--- START ---

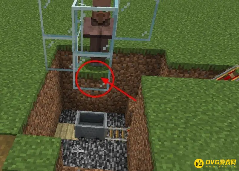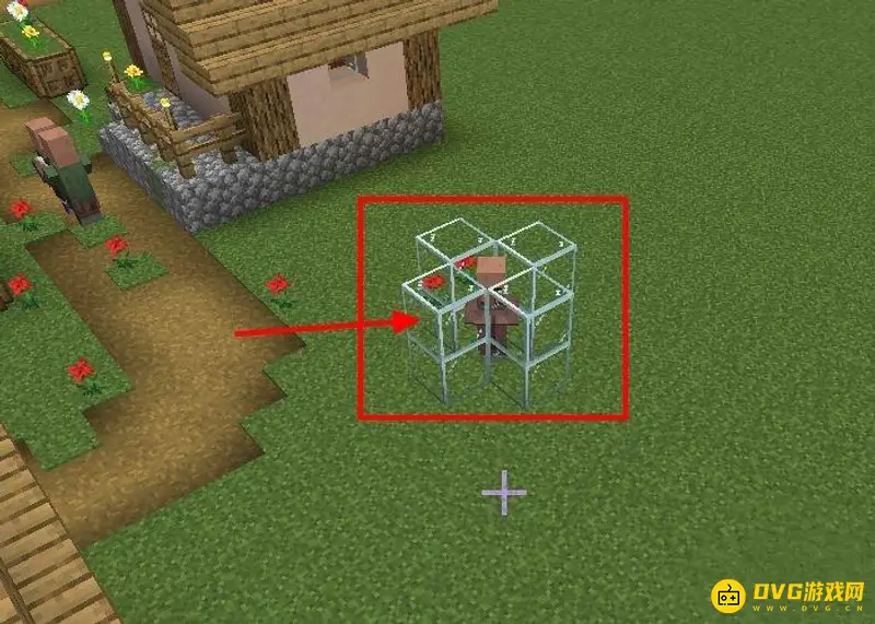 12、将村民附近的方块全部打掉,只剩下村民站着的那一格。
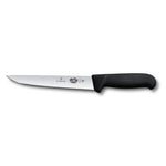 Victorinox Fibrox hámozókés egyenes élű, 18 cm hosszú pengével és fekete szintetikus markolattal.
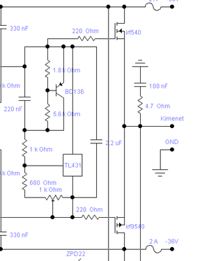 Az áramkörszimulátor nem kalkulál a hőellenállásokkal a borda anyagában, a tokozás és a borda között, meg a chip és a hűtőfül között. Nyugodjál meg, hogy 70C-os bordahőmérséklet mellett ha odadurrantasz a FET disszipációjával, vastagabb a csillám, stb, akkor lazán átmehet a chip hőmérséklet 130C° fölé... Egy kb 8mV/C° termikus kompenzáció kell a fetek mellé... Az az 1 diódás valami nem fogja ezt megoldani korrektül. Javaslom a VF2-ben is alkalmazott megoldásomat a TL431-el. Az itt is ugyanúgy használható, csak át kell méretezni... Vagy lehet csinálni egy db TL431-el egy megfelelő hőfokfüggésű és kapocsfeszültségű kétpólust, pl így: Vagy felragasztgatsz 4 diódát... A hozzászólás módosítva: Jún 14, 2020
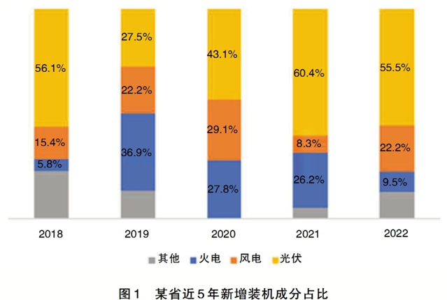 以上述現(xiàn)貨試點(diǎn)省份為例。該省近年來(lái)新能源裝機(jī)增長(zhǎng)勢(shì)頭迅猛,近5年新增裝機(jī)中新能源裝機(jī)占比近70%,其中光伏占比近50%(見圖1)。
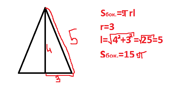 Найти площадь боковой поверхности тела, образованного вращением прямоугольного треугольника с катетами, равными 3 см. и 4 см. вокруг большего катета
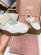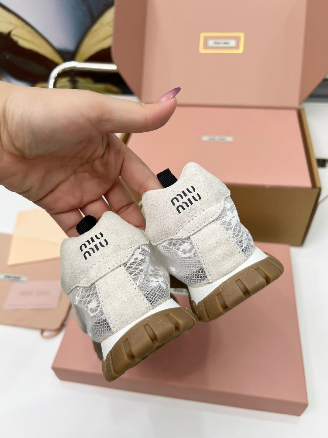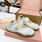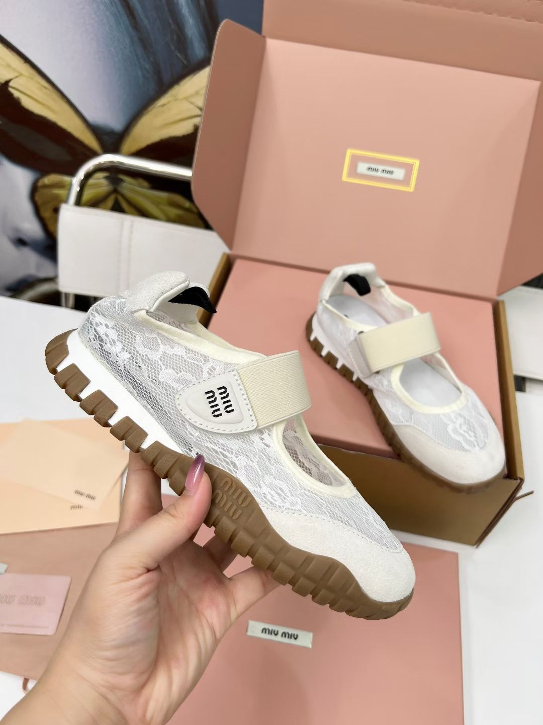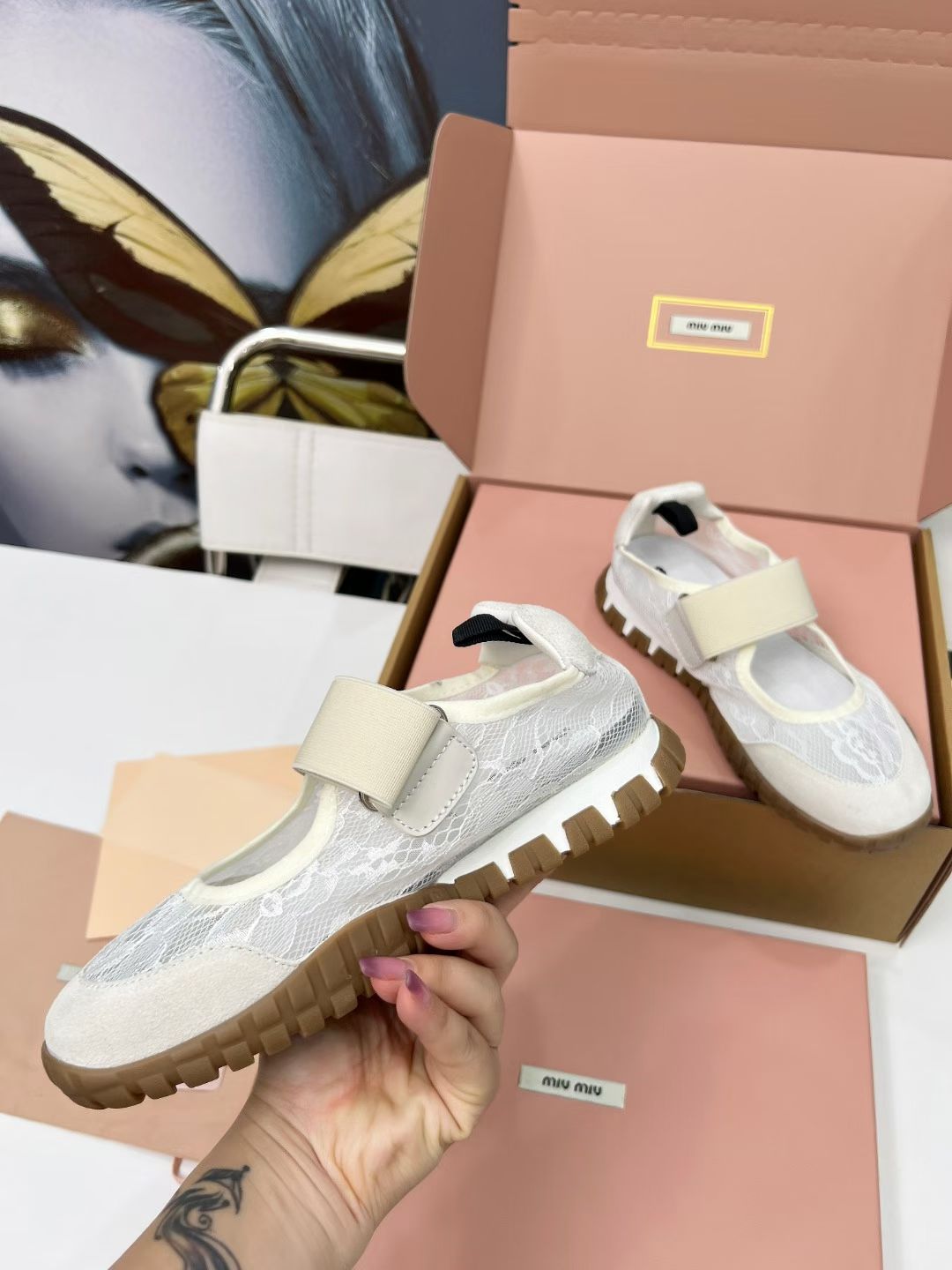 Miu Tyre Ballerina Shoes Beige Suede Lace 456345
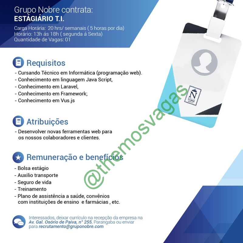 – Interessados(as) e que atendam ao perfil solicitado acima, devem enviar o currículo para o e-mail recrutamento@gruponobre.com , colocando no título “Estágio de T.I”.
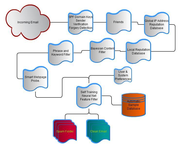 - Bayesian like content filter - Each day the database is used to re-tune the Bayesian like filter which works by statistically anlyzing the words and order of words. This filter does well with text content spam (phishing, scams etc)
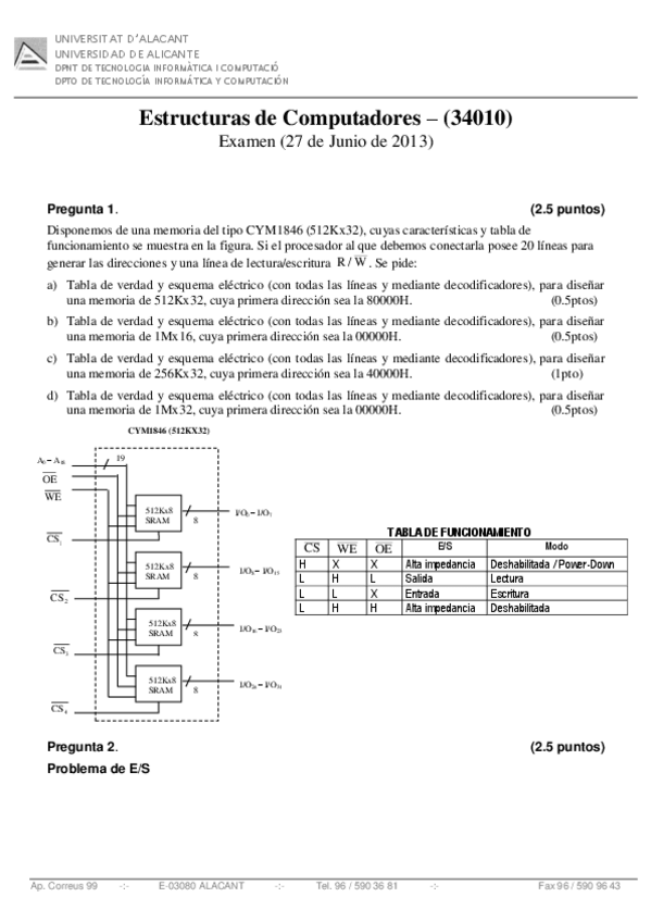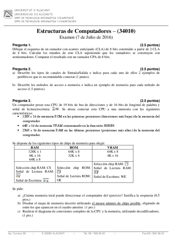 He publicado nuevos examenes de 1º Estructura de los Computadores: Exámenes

--- END ---

-- To do --
Only the lines from the one containing "- Bayesian like" through the end of the listing above should be reproduced, exactly as they stand. Leave the pictures out.

-- Result below --
 - Bayesian like content filter - Each day the database is used to re-tune the Bayesian like filter which works by statistically anlyzing the words and order of words. This filter does well with text content spam (phishing, scams etc)
 He publicado nuevos examenes de 1º Estructura de los Computadores: Exámenes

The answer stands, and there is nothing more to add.